- Rating:
- R
- House:
- Riddikulus
- Characters:
- Sirius Black Severus Snape
- Genres:
- Humor Slash
- Era:
- Multiple Eras
- Spoilers:
- Prizoner of Azkaban
- Stats:
-
Published: 04/18/2003Updated: 04/18/2003Words: 1,468Chapters: 1Hits: 2,104
Oral Sex
Isiscolo
- Story Summary:
- At Harry's wedding, Sirius and Severus toast each other's health. Sort of. Repeatedly.
- Posted:
- 04/18/2003
- Hits:
- 2,104
- Author's Note:
- Written for the Boozefest,
He didn't bother asking. Snape would have sneered, "Of course I mind, Black," so instead he just plopped his bottle and glass on the table and pulled up a chair. Snape glared anyway.

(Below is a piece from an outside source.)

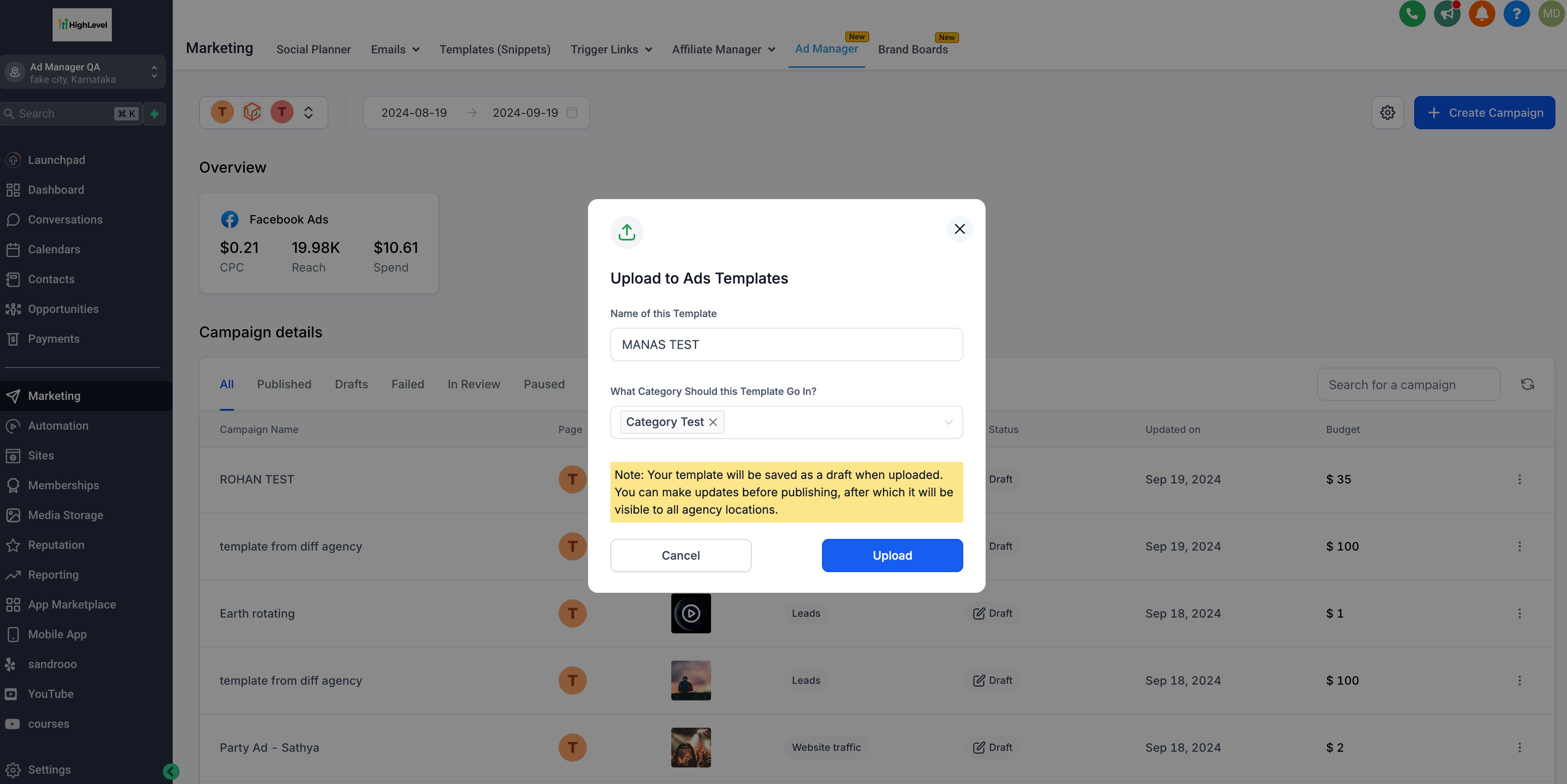 - Click on 'Upload' and the campaign will be saved as a draft template.

Sirius lifted the bottle in a gesture of placation. "I come bearing gifts. Anyway," he said, pouring a generous measure into Snape's glass, "all the other tables are filled with yapping youngsters. I didn't think it was right to inflict myself upon them."
"So you inflict yourself upon me."
"Exactly." He poured himself some of the firewhiskey and tossed it back. It was the good stuff, not the swill that he usually drank. Nothing was too good for Harry.
Snape seemed determined to stare him down. "Why?"
"Well." Sirius wasn't sure, exactly, what had made him push through the crowd to where Snape sat alone at the table for eight. He looked as out of place in the brightly-dressed wedding crowd as a vulture among hummingbirds. "Why did you come?"
"I was invited," Snape said, in a tight voice.
God, the man was as touchy as a feral cat. "I know you were invited. But we were surprised you accepted."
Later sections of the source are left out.